Member of the Oregon Senate from the 17th district
- In office 1941–1947
- Preceded by: Ulysses S. Balentine
- Succeeded by: Philip S. Hitchcock
- Constituency: Crook, Deschutes, Jefferson, Klamath and Lake counties, Oregon

President of the Oregon State Senate
- In office 1947–1947
- Preceded by: Howard C. Belton
- Succeeded by: William E. Walsh

Personal details
- Born: November 22, 1898 Burning Springs, Kentucky
- Died: October 28, 1947 (aged 48) Lake County, Oregon
- Party: Republican
- Occupation: Automobile dealer

= Marshall E. Cornett =

American politician

Marshall Eugene Cornett (November 22, 1898 - October 28, 1947) was an Oregon businessman and American Republican politician serving in the Oregon State Senate and as Senate President during the 1947 legislative session. Along with Governor of Oregon Earl Snell and Oregon Secretary of State Robert S. Farrell, Jr., he was killed in a plane crash in 1947.

==Early life and business career==
Cornett was born in Burning Springs, Kentucky (Clay County), in rural southeastern Kentucky. He served in the United States Army during World War I before moving to Klamath Falls, Oregon where he established himself as a businessman. He was the owner of successful automobile dealerships and three radio stations in the Klamath Falls area. In June 1922, Cornett married Olive Byram (1891–1977) in Kake, Alaska. He briefly served as a police officer in Astoria, Oregon.

==Political career==
Cornett served in the Oregon State Senate from 1941, to 1947 representing the 17th legislative district. In his final term, he served as Senate President. He was an alternate delegate to the 1944 Republican National Convention.
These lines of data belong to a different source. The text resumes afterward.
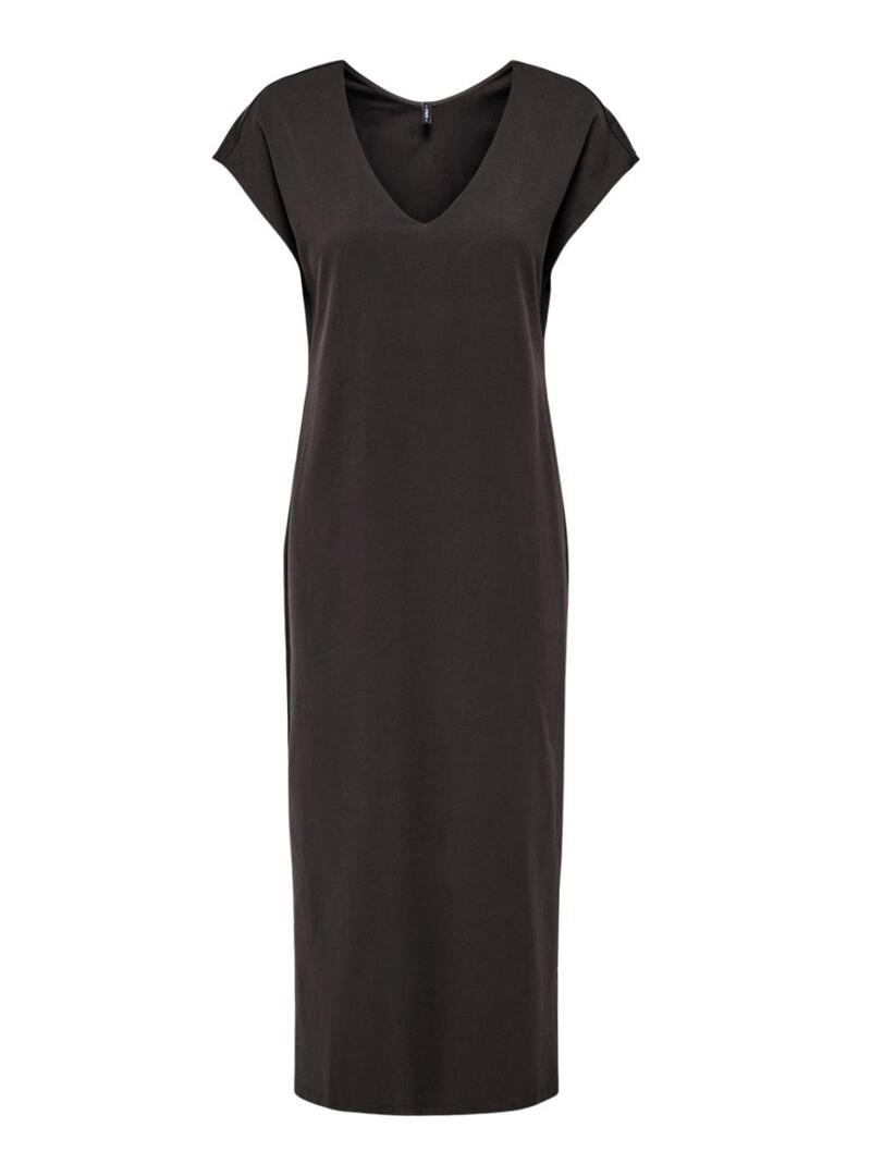 Abito Only. Modello Mara. Colore marrone cioccolato. Realizzato in cotone. Manica corta. Lunghezza midi. Scollo a V. Apertura laterale. Stile basic.
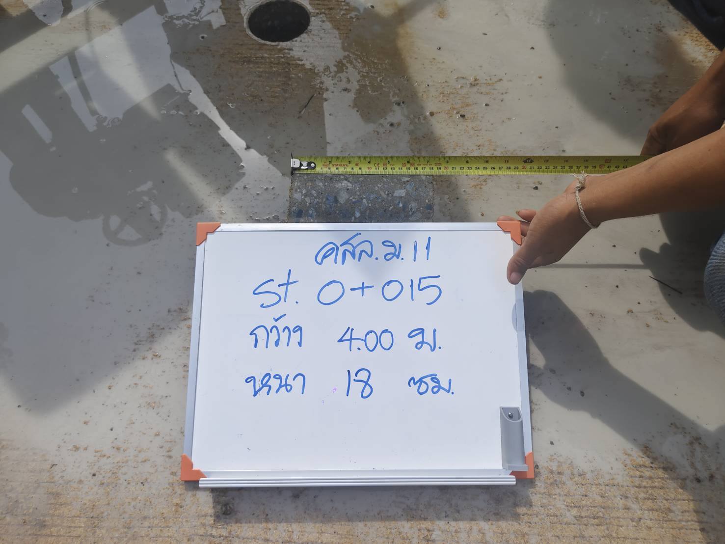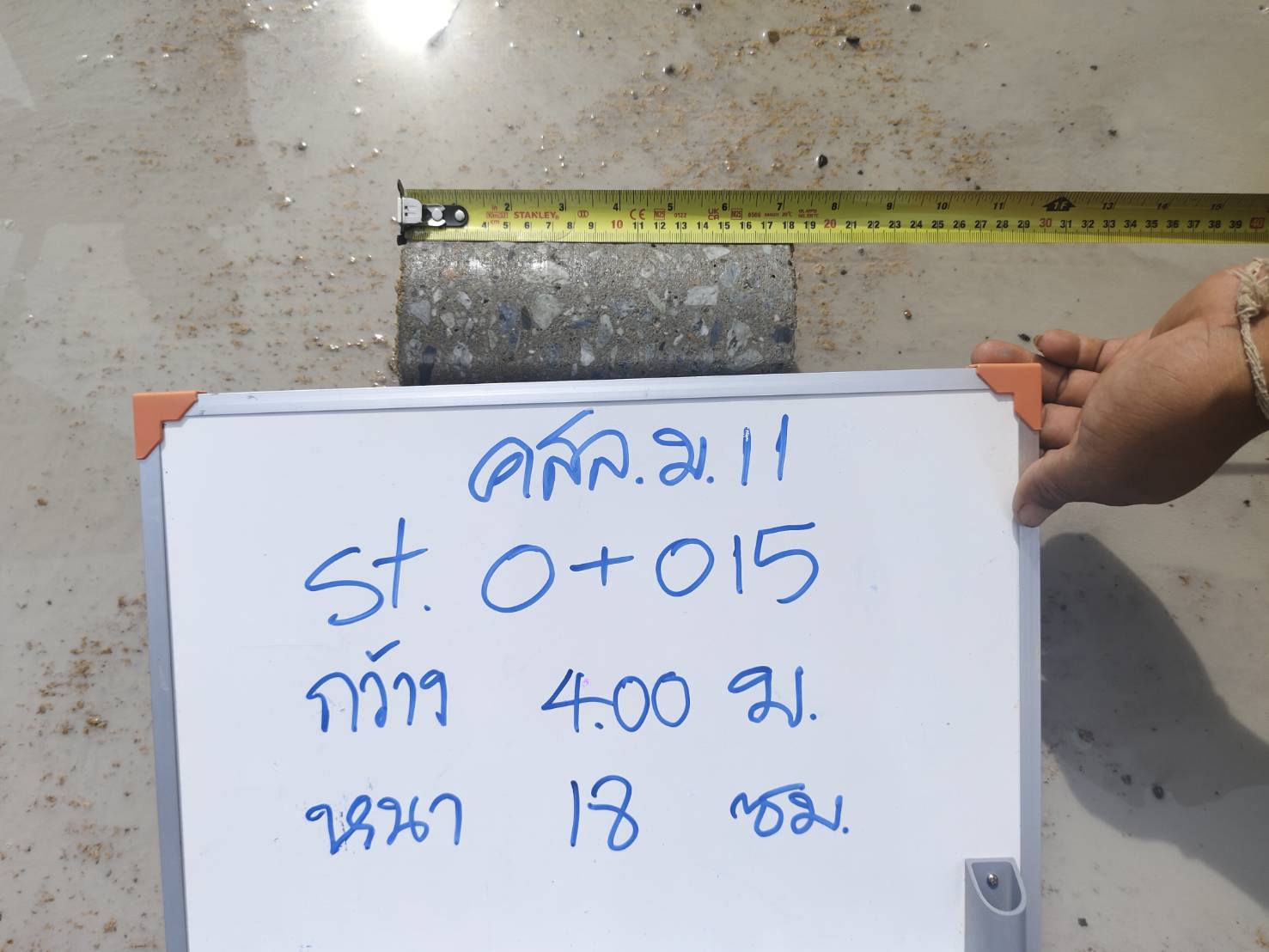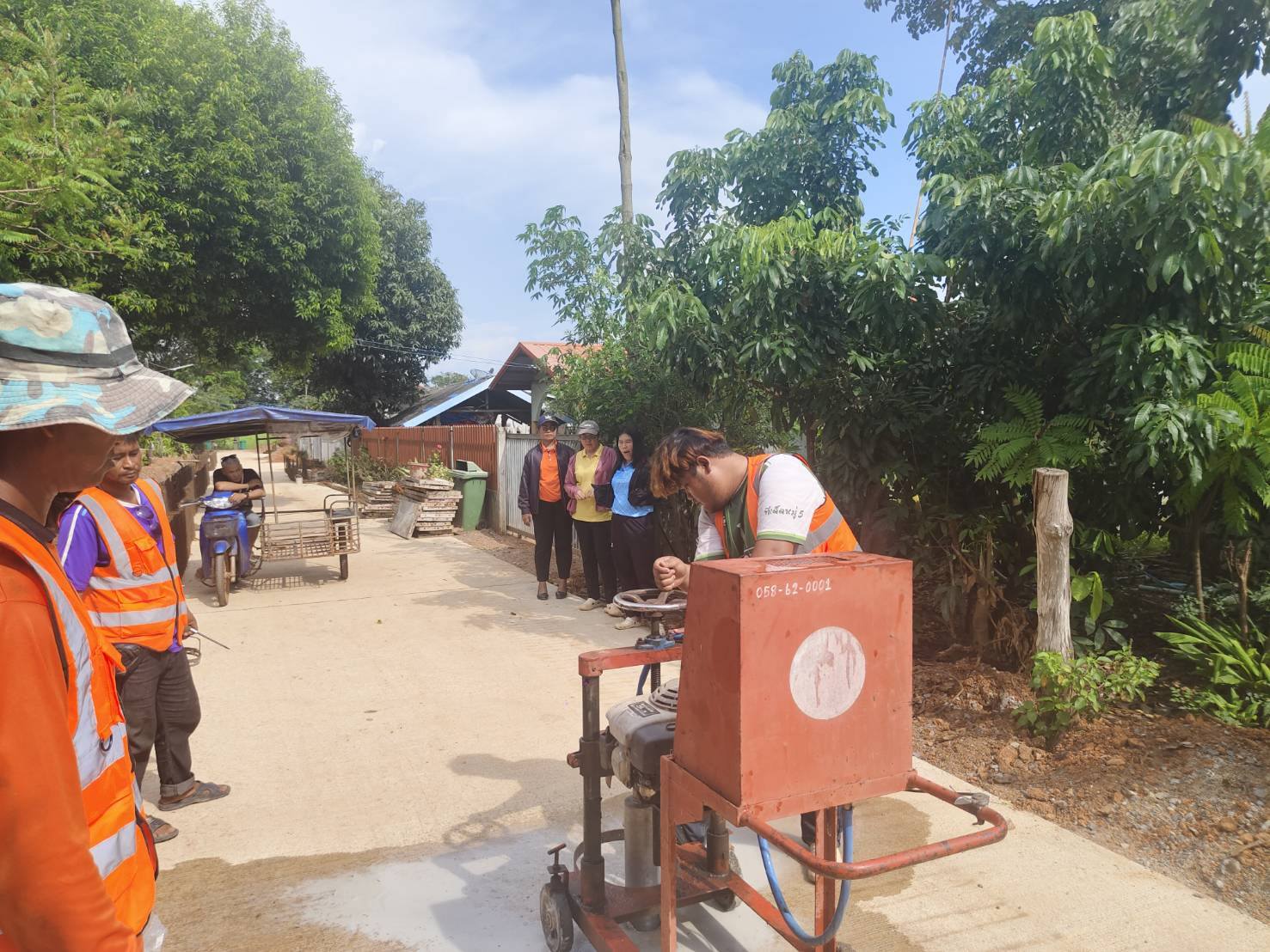 ลงพื้นที่ สุ่มเจาะตรวจสอบความหนาของถนนคอนกรีต ณ หมู่ที่ 11 บ้านหนองยายกล่อม
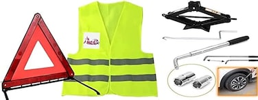 ABBASALI 2 Tonne Scissor Jack + Extendable Wheel Brace Socket Wrench Tyre Repair Kit With Safety Jacket & Safety Traingle For Van SUV Truck
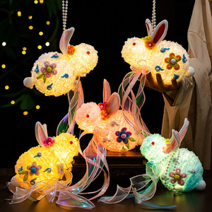 中秋节兔子灯笼diy手工材料包儿童手提发光古风玉兔花灯夜市摆摊
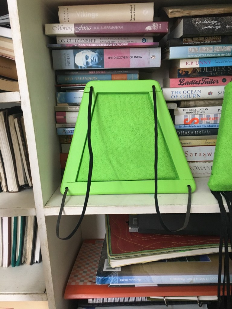 A day for planning possible display methods. So from the floor to shallow shelving. Really enjoying the order of the shelf but this method will work alongside wall pieces, drapery and hopefully some larger artworks to be produced in India.
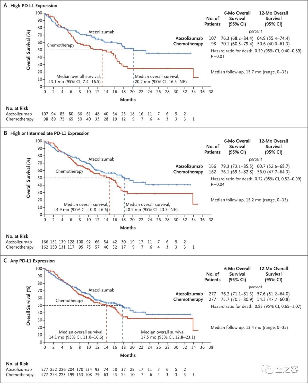 另一个则是硬桥硬马的Tecentriq(同时作为SKYSCRAPER-01试验的对照组),在PD-L1高表达组,OS对比是20.2 vs 13.1个月(HR=0.59 [0.40, 0.89],p=0.01),PFS对比是8.1 vs 5.0个月(HR=0.63 [0.45, 0.88]);更别提诸如K药这种干净利索的对照结果了。
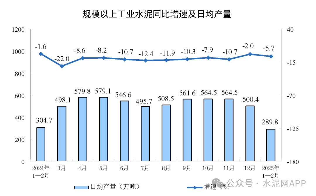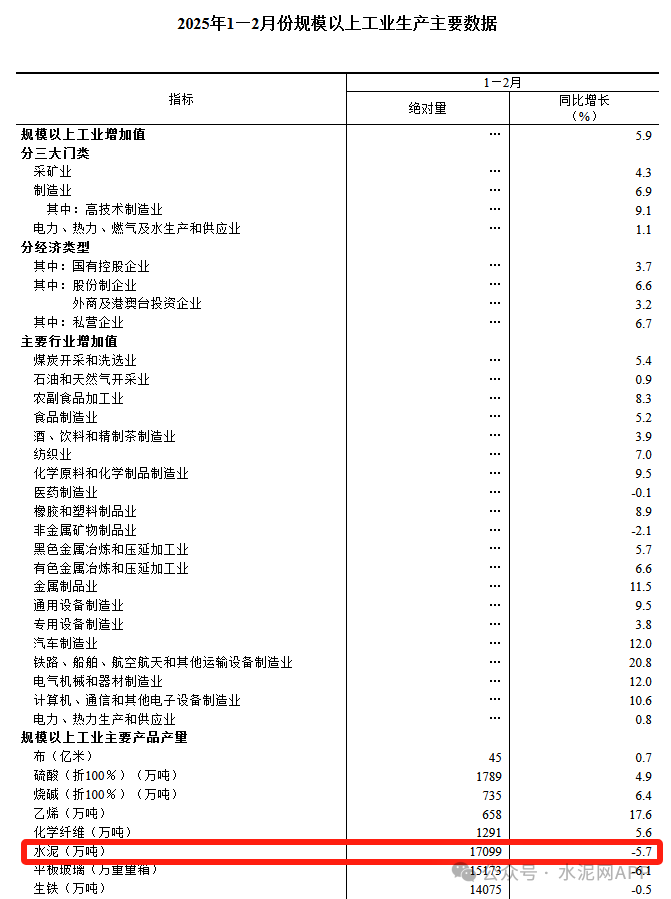 3月17日,據(jù)國(guó)家統(tǒng)計(jì)局發(fā)布,1—2月份,規(guī)模以上工業(yè)增加值同比實(shí)際增長(zhǎng)5.9%(增加值增速均為扣除價(jià)格因素的實(shí)際增長(zhǎng)率)。從環(huán)比看,2月份,規(guī)模以上工業(yè)增加值比上月增長(zhǎng)0.51%。其中1-2月全國(guó)水泥產(chǎn)量17099萬(wàn)噸,同比下降5.7%。
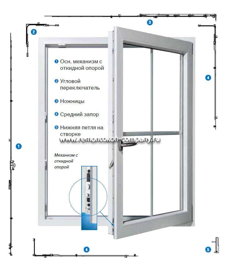 Des ferrures pivotantes et oscillo-battantes sont installées sur les fenêtres et les portes-fenêtres. Avec son aide, vous pouvez ouvrir une fenêtre ou une porte (position de pivot) ou la mettre sur l'inclinaison (position d'inclinaison), limitée par la course des ciseaux. En règle générale, lors de la fermeture d'un ouvrant (porte) au moyen de ferrures, il est nécessaire de vaincre la résistance du joint.
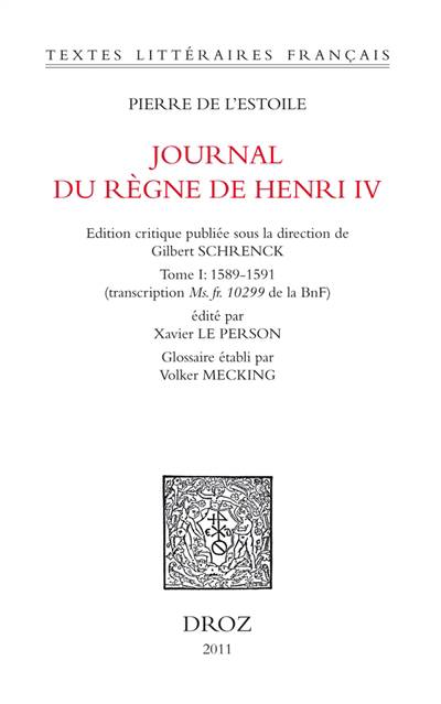 Etablie d'après les manuscrits originaux, cette édition bénéficie de la démarche interdisciplinaire de spécialistes en histoire, en littérature et en lexicographie. Ce premier volume débute par les conséquences de l'assassinat de Henri III et les circonstances du siège militaire de Paris, jusqu'à sa reprise en main par le duc de Mayenne.
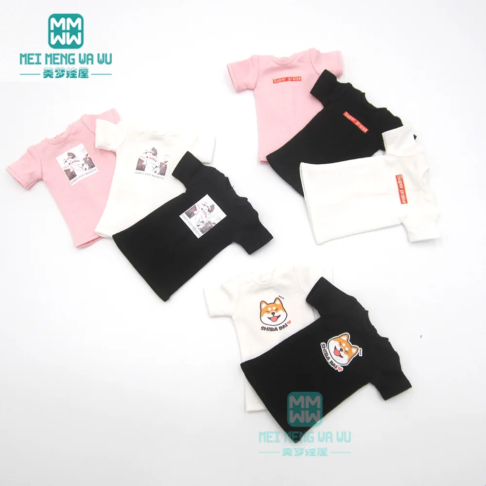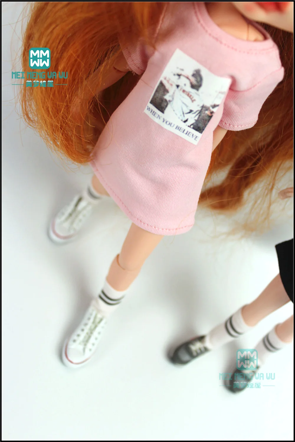 1 шт., Одежда для кукол Blyth, белаяРозоваячерная длинная футболка ...
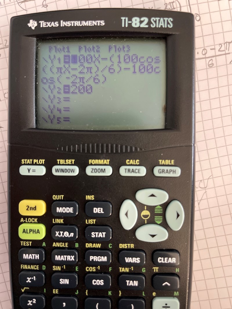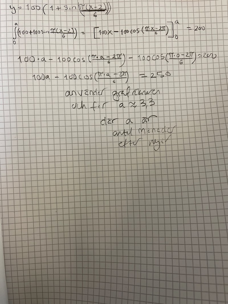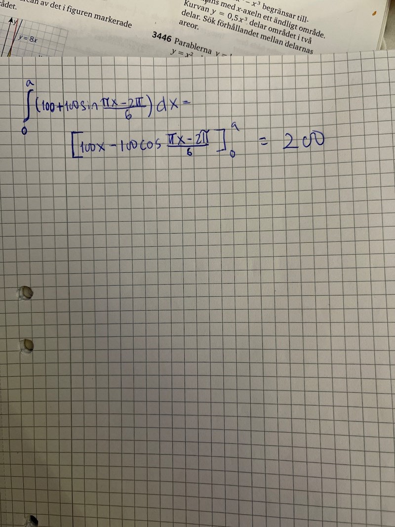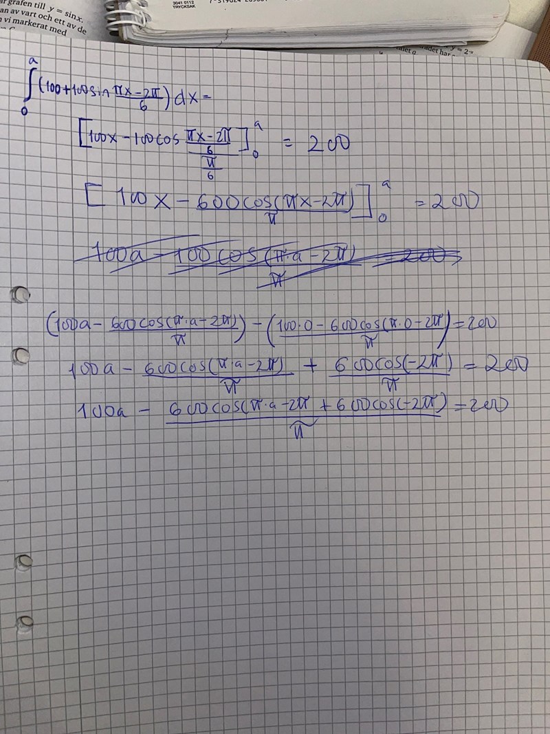 Den primitiva funktionen är 100a-600cos((pi*a-2pi)/pi) Är det den funktionen som ska lika med 250? Eller
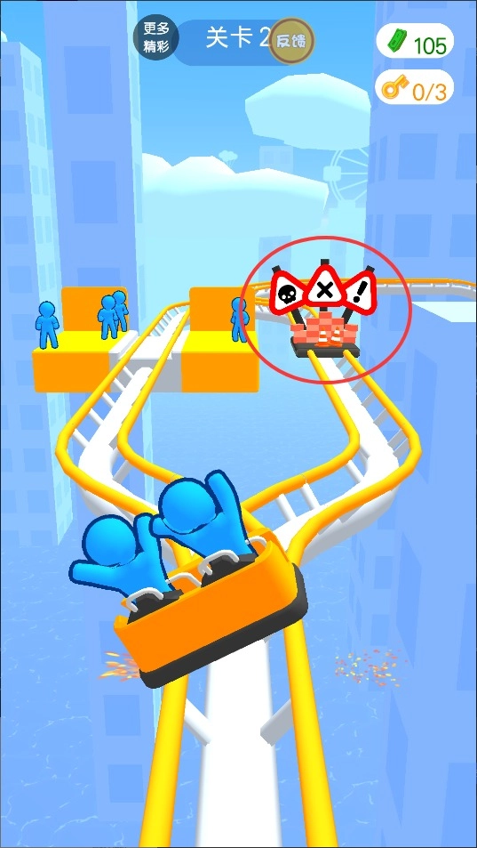 3、在规定时间内带领过山车安全通过所有水域区域,最终到达终点平台就能顺利通关并获得奖励。
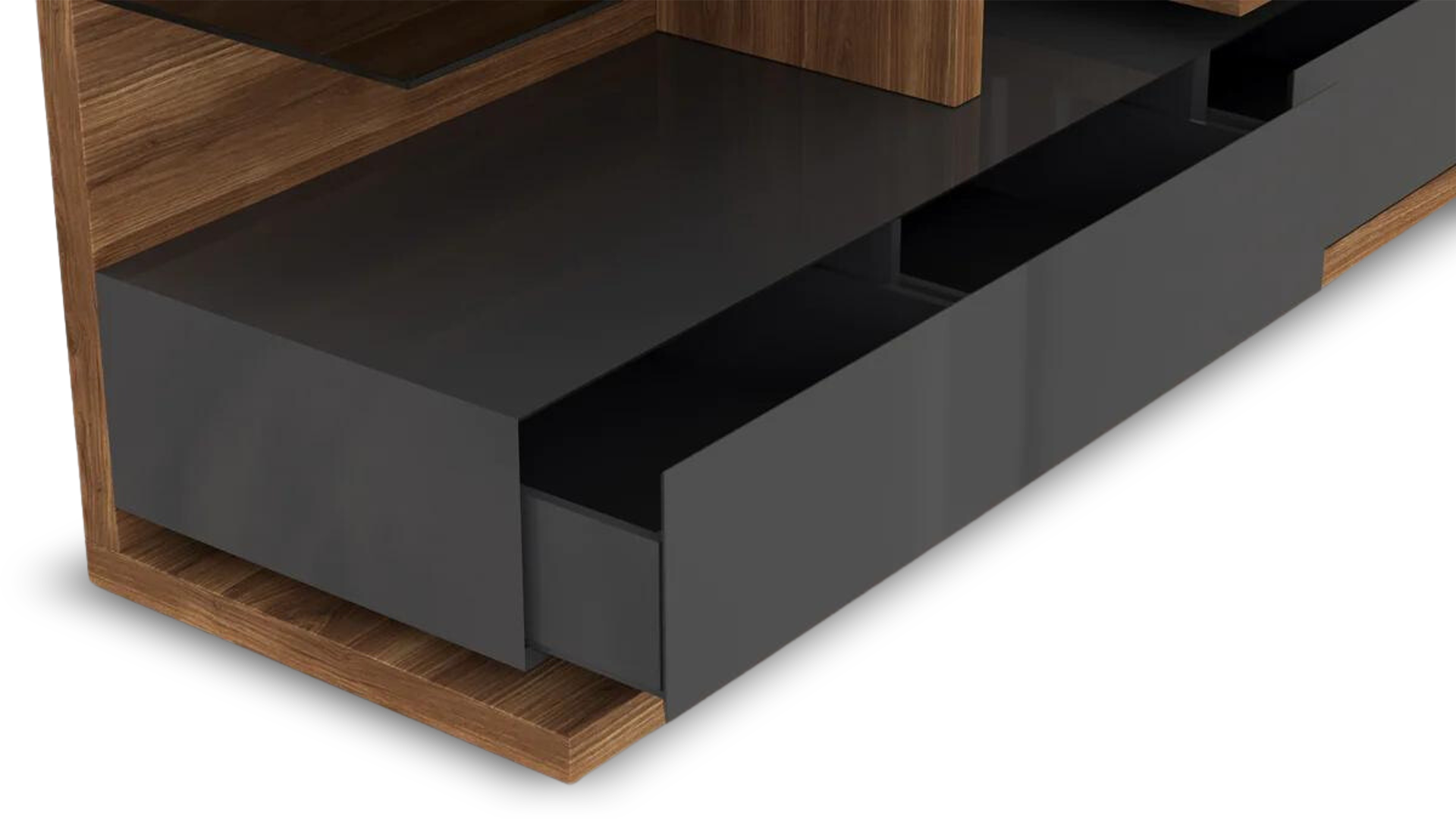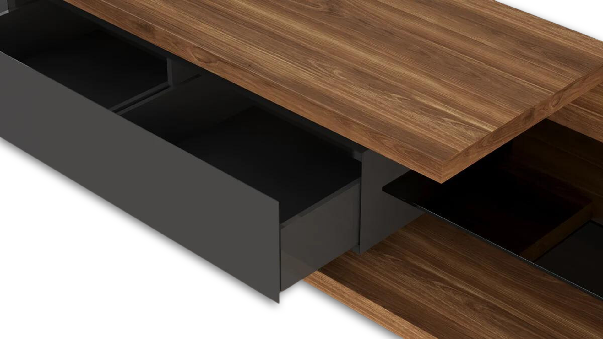 veneer wood frame, glossy white lacquer accents, and over six compartments for ample storage.

On October 28, 1947, Cornett and two other top office-holders, Oregon Governor Earl Snell and Oregon Secretary of State Robert S. Farrell, Jr., were killed in a plane crash while en route to the Kittredge Ranch in Warner Valley near Lakeview, Oregon. "The Kittredge's were hosting a goose hunt for these Oregon officials. The airplane left Klamath Falls about 10:00 P.M. (or later) and did not arrive at the Kittredge Ranch."

Pilot Cliff Hogue perished as well, when his small plane crashed in stormy weather southwest of Dog Lake. A state funeral was held for Snell, Farrell and Cornett at the Capitol in Salem.

Marshall Cornett's remains were interred at Macedonia Cemetery, Burning Springs, Kentucky.